Я подошла к господину, выгуливавшему сеттера на краю площади, чтобы уточнить, ходит ли автобус по воскресеньям. Дарио с места не сдвинулся, только нетерпеливо потирал руки. Разумеется, не хотел беспокоить людей. Выяснилось, что автобус отходит в 7.15.
— Конечно, — отметил Дарио. — Надо было точно выяснить. Если живешь без всякой точности, всегда теряешь время. И прежде всего — драгоценный сон.
— Соседи снизу сказали, что в семь.
— О’кей.
— Переживешь. У тебя хотя бы голова не болит.
— Я хочу спа-а-а-ать!
— Сейчас заснешь. Я тоже хочу.
— Ты сможешь спать, сколько захочешь, тебе-то что.
Я смотрела на Дарио и исподволь наслаждалась тем, как он меня раздражает. «Ты выспишься в поезде. Запрокинув голову, открыв рот. Или понурив голову, как цветок. Или притулишься еще раньше, тихохонько, в одном из уголков музея».
— Спа-а-а-ать!
До прихода автобуса мы зевали молча.
Я снова заснула лишь около десяти и проснулась до двенадцати.

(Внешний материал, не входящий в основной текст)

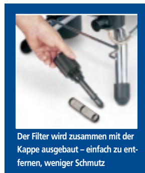
Der Filter wird zusammen mit der Kappe ausgebaut – einfach zu entfernen, weniger Schmutz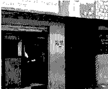
Polling Station Building Front View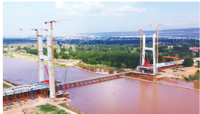
用实干铸就事业梦想。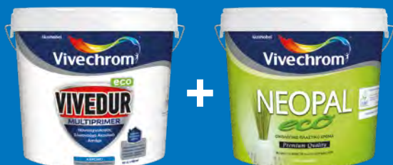
VIVEDUR MULTIPRIMER ECO + NEOPAL ECO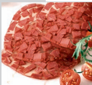
Kalbsfleisch in Aspik ca. 25 Scheiben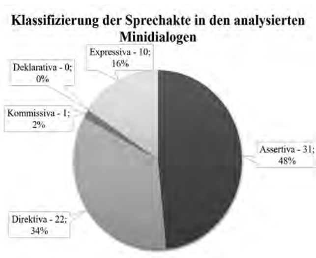
Abbildung 3: Klassifizierung der Sprechakte in den analysierten Minidialogen ( Deutsch.com 1 )

Abbildung 3 zeigt, dass abgesehen von den Deklarativa alle Sprechaktklassen vertreten sind, wobei Assertiva (z. B. die Sequenz im Minidialog in der fünften Lektion: B9 „Ich bin 16 und Lea ist 15 Jahre alt. Wir sind Schülerinnen.“, NEUNER 2008: 31) und Direktiva (z. B. B10 „Hast du am Wochenende Zeit?“, NEUNER 2008: 43) mehr als vier Fünftel der Fälle darstellen. Ein quantitativer Vergleich mit Deutsch.com 3 wurde bei der Analyse der Gesprächssequenzen nicht durchgeführt, weil diese in Deutsch.com 3 kaum vertreten sind (s. oben).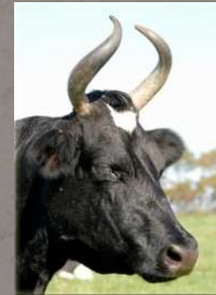
Vache Bretonne Pie Noir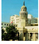
كلية طب _ قصر العيني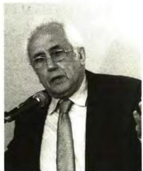
«Το νομοσχέδιο θα κατατεθεί το συντομότερο» δεσμεύτηκε ο υπουργός Δικαιοσύνης

Το ζήτημα αυτό τέθηκε ουσιαστικά στο χθεσινό συνεδρίαση της Εκτελεστικής Επιτροπής της ΔΗΜ.ΑΡ. με αφορμή την επιστράτευση των εκπαιδευτικών, αλλά και το «παγωμένο» αντιρατσιστικό νομοσχέδιο. Ο Αντ. Ρουπακιώτης, που παρευρέθηκε στη συνεδρίαση προκειμένου να ενημερώσει τα ηγετικά στελέχη της ΔΗΜ.ΑΡ. για το περιεχόμενο του αντιρατσιστικού νομοσχεδίου, συμφώνησε με πληροφορίες δεν θέλησε να τοποθετηθεί «ειδικά» για το θέμα της επιστράτευσης των εκπαιδευτικών, καθότι ο ίδιος διατελεί υπουργός Δικαιοσύνης, αλλά και διότι υπάρχει ήδη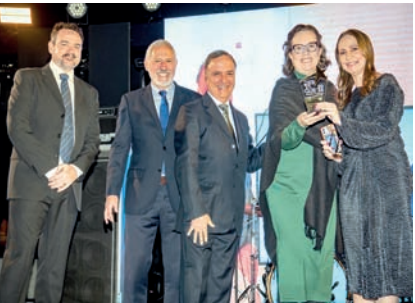
Construtora: Tebas Incorporadora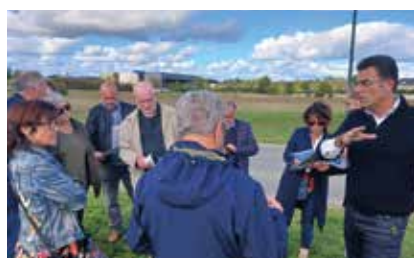
Les travaux du futur crématorium démarreront en février 2025 pour une ouverture en septembre de la même année

Le rendez-vous du jeudi 10 octobre était l'occasion de faire le point sur la reprise de l'enrobé et le traitement des racines du parvis de l'église. Au cimetière Saint-Médard, engazonnement, plantations d'arbres et de buissons ont été présentés. Une présentation du futur crématorium s'est ensuite tenue boulevard des Champs Marot. Après passage dans la rue de la Roche de Boisse pour examen de sa réhabilitation, la déambulation s'est terminée avec la visite du lotissement rue Villa Gallo-Romaine.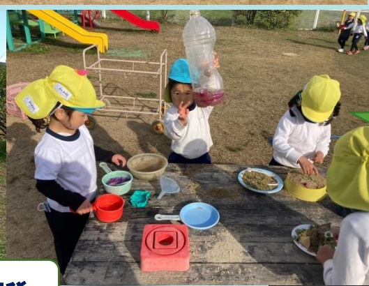
いらっしゃいませ～ ジュースはいかかです か??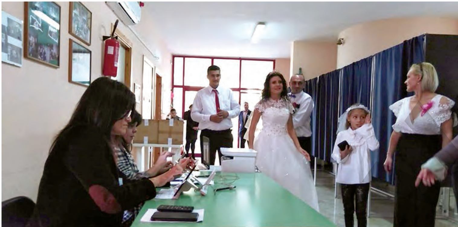
În ziua nunții, două mirese românce din Italia și Germania au ales să voteze pentru președintele României

REZULTATELE OFICIALE ALE ALEGERILOR PREZIDENȚIALE ● SCORURI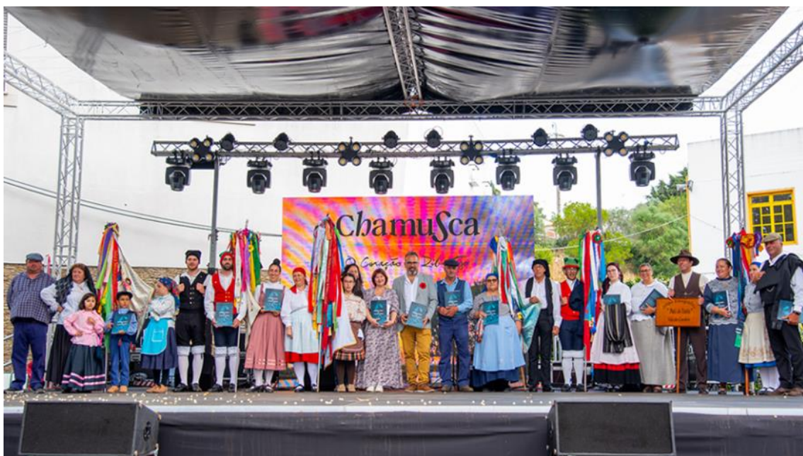
Figura 8 – Apresentação do Livro “Costumes e Tradições” na Festa da Ascensão.

Подумала, а имеет ли вообще смысл вставать. Умываться. Чистить зубы, причесываться. Махать гантелями на балконе мансарды. Принимать душ. Прилично одеться. Даже покрасить ресницы. Ради чего, ради кого? И обнаружила, что смысла нет.

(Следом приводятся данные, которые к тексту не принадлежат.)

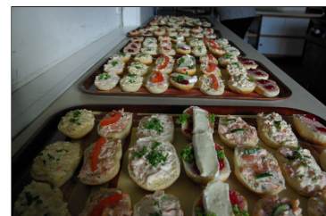
...en de heerlijke hapjes en drankjes, klaargemaakt door OKRA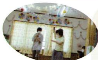
みんな大好き! カラオケ大会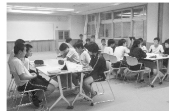
【小中学生代表者会】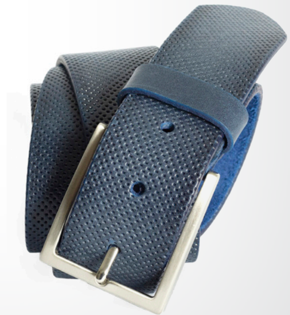
47 – blau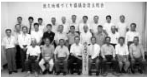
『徳久地域づくり協議会』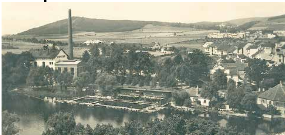
Dobový snímek plovárny ve Strakonících.

Jak už to tak chodí, vývoj a doba s sebou přináší novosti, kterým mnohdy dobře sloužící věci a zařízení musí ustoupit. S koncem války zanikla slavná éra plovárny. Avšak velký zájem o plavání si postupem času vynutil vznik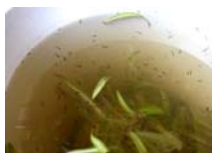
(Criadero de mosquitos)

En estas áreas, las condiciones para la proliferación del vector se presentan en una sociedad donde prevalecen la falta de conciencia, conocimiento y actitud de las familias en el control y eliminación de criaderos, así como la carencia de prácticas de autoprotección, como el uso de mosquiteros en puertas y ventanas o el uso de insecticidas domésticos, además de la dificultad para que los programas locales de control implementen de forma oportuna, secuencial, sincronizada y con cobertura completa, las acciones anti-vectoriales, incluyendo la integración y participación de la comunidad.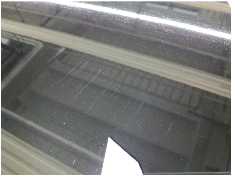
Dach: Dach / Verdeck - Kratzer - lackieren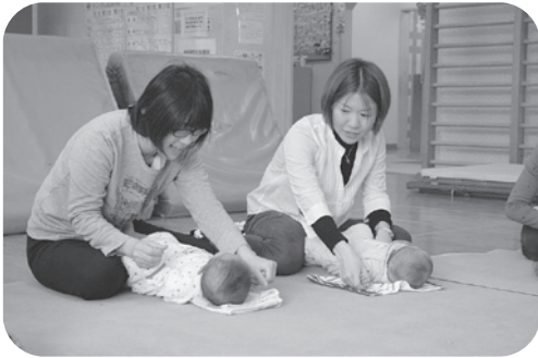
「子育て支援事業 「びよびよハウス」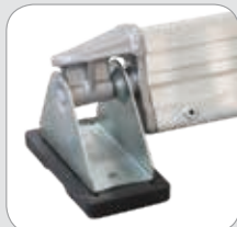
Verbinder aus Gussaluminium mit schwenkbarem Gelenkfuß für die Traverse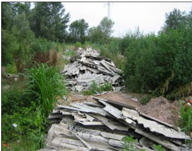
Slika 8 - Čukovec - prije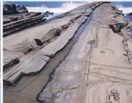
Le grès (Chialoshui)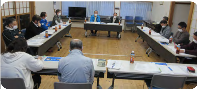
3時間にも渡る運営委員会でした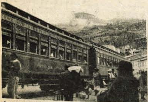
Južnoameriški vlaki so podobni onim z divjega zahoda.

Plaza de Armas se imenuje jedro vsakega starega dela mesta v andski Ameriki, kjer so nekoč španski osvajalci korakali obloženi s šlemi in meči, vsakomur v spoznanje in dokaz, čigava je oblast v deželi. Hiše so obtežene s starinskimi rezljanimi balkoni, skozi katere se da opazovati na ulice ne da bi bil opažen. Vsako leto pokopljejo nekaj ljudi, ko se črvivi zrušijo na marmorne plošče, pripelane iz Španije, ki vodijo do katedrale. Nasproti je tudi kip Bolivarju, avtokratskemu libertadorju izpod kolonialnega jarma.

Но я была так голодна, что заснуть больше не удалось, и я заставила себя встать. Откопала в шкафу пакет спагетти, при этом оттуда выпал большой непочатый пакет сахара. Плюхнулся на пол, из уголка высыпалось немного сахара. И в тот же миг из-под двери ванной выкатилась синяя пенная волна. Вода быстро разлилась по полу кухни, покрыла коврик под столом и упавший пакет с сахаром. Перед сном я включила стиральную машину, в очередной раз забыв перенаправить водоотводный шланг в унитаз. Ох, дома сливной шланг моей стиральной машины был замечательным образом соединен с водопроводом, а в этой стране домашнюю технику использовали по старинке, оправдывала я себя. Черт побери!

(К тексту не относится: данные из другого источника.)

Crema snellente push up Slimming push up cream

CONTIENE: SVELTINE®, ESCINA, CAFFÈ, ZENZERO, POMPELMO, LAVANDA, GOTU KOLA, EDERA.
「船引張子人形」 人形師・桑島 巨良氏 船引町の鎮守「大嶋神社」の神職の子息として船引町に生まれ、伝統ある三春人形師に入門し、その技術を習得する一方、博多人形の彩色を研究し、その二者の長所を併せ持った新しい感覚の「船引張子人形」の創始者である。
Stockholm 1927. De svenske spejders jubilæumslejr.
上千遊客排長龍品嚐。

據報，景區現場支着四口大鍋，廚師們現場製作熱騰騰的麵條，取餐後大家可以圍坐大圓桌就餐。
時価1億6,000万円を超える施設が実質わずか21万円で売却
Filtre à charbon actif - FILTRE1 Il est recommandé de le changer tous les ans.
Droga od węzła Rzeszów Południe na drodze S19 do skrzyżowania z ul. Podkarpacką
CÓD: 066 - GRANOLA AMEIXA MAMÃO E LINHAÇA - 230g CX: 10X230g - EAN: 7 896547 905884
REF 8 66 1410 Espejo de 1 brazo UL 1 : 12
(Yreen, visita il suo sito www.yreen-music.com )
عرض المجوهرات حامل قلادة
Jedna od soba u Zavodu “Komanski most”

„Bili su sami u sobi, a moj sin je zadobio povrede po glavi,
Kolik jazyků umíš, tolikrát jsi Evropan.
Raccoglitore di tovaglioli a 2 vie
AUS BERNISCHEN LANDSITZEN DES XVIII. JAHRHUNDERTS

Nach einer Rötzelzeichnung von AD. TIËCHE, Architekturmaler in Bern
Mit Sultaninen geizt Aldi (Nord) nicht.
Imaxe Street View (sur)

Мгновение я смотрела, как намокает пакет с сахаром, затем бросилась в ванную и переставила шланг. Вернулась на кухню и еще раз взглянула на пакет с сахаром. Поддала его ногой. Мои белые тапочки насквозь промокли и казались голубыми. Ударила комок еще раз. И еще.
Услышала по телеку, что в результате отставки правительства Проди в апреле, по-видимому, примерно 11–12 апреля, должны будут состояться внеочередные выборы. Представитель Rifondazione Comunista вел витиеватую бесхребетную речь. Член Alleanza Nazionale с фашистским душком (Дарио называл их fascistuncoli) выкладывал простые и четкие заголовки. Теперь они сошлись в компании с Берлускони в партии с названием Народ Свободы, Il Popolo della Libertà. Очевидно, путь для Er Berlusca был открыт. Еще одна новость состояла в том, что из Испании в Италию для производства мяса и колбасы ежегодно перевозят 40 000 живых лошадей, которых содержат и транспортируют просто в ужасных условиях. Лошади были покрыты струпьями, травмированы друг другом в давке, у одной глаз в крови. Подумала, можно ли об этом написать. Тогда я здесь, по крайней мере, хоть что-то сделаю, снискаю расположение хороших людей, интеллигенции с тонким складом души.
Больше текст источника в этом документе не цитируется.